Почему, когда она смотрела на звезду, тоска серой петлей стягивала ей горло? По чему она тосковала? По этому свету, что за ней в ее смерть никогда не уйдет?
Раньше, в детстве, она любила звезды. Учебник астрономии читала, как сказку. В театральный бинокль на них из окна часами смотрела. И такая же, точно такая тоска сдавливала грудь, глотку. Отчего?
Потом тоска ушла вглубь, отпустила. На много лет – пока Мария выучивалась, жила с мужем, рожала детей. Пока она работала в школе, сама учила ребят. Некогда тосковать было. Уйдешь в школу к восьми утра – и притащишься домой в девять вечера, еле-еле, кляча. А утром, до работы, еще надо встать и приготовить обед, чтобы муж и дети накормлены были, на нее не ворчали.
Она снова посмотрела на звезду. Звезда, звезда, а я знаю, как тебя зовут. Ты – Марс. Красный Марс. Звезда войны ты, вот ты кто.
Слезы на морозе вытекли сразу из обоих ее глаз. Покатились по щекам.

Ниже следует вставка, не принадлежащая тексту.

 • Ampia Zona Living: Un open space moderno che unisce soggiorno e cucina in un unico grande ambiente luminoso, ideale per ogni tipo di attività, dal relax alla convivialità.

«Вы там, на звездах. Игнат. Андрюшенька. Вам там хорошо. А мы вот здесь… страдаем».
Она подняла лом, размахнулась и изо всей силы всадила, как копье в бок зверя, в покрытый черной толстой коркой тротуар.

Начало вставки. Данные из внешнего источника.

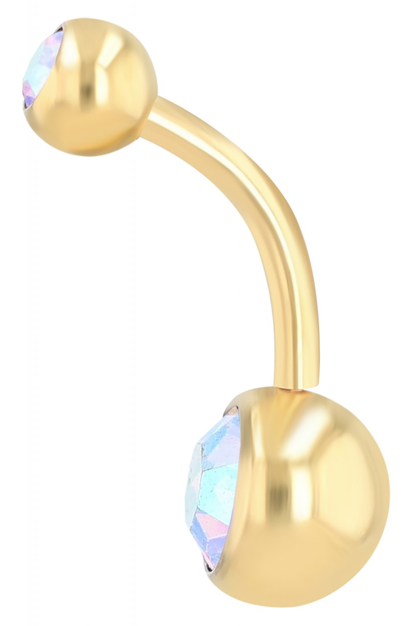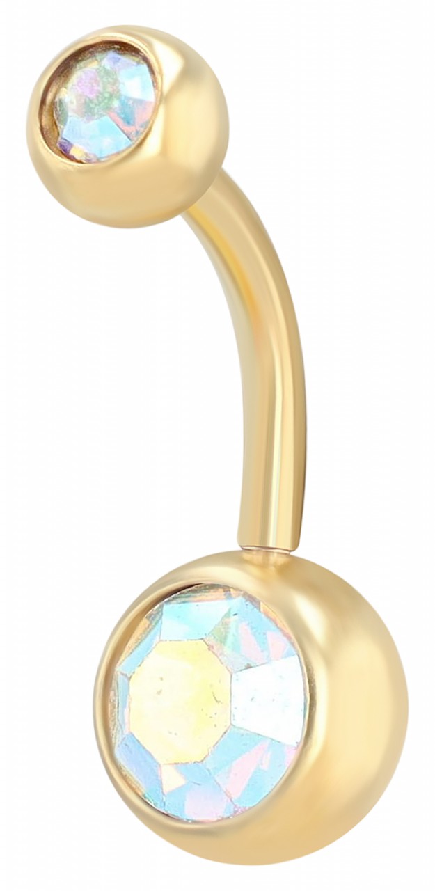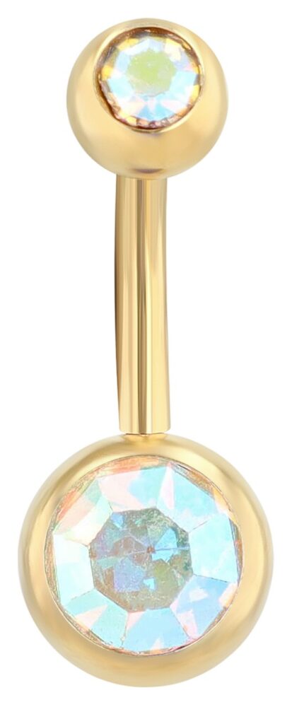 Akzent® Piercing de Umbigo em Aço Inoxidável Dourado com Pedra Multicor - 0061

Искры льда разлетелись во все стороны, попали ей в лицо, в глаза, она успела зажмуриться. Острые, хуже стекла.
И опять подняла лом. И снова ударила.
И пошла, пошла ударять, долбить, бить. Бей, бей ломом лед, старая баба, бей. Забей свою тоску. Забей свою память. Она ведь у тебя еще живая.
Муж Марии погиб на пожаре. Глупо, бесславно и героически. Шел мимо, дом горел, полыхал – пожарники матерились, огонь пеной заливали – а из окна первого этажа – вдруг – ребячий крик. Игнат и бросился. Думал – успеет, выпрыгнет. Девчонку из окна выбросил пожарникам, они поймали, а на самого балка горящая упала, придавила. Вытащили его, но не спасли. Задохнулся.
Бей, бей ломом, вот так, еще размахнись. Еще ударь.
Старшего сына машина задавила. После выпускного вечера, когда, счастливый, он и танцевал в первый раз, и с девушкой поцеловался в первый раз, и в первый раз шампанское пил. Все – впервые. И смерть у него была тоже – в первый раз.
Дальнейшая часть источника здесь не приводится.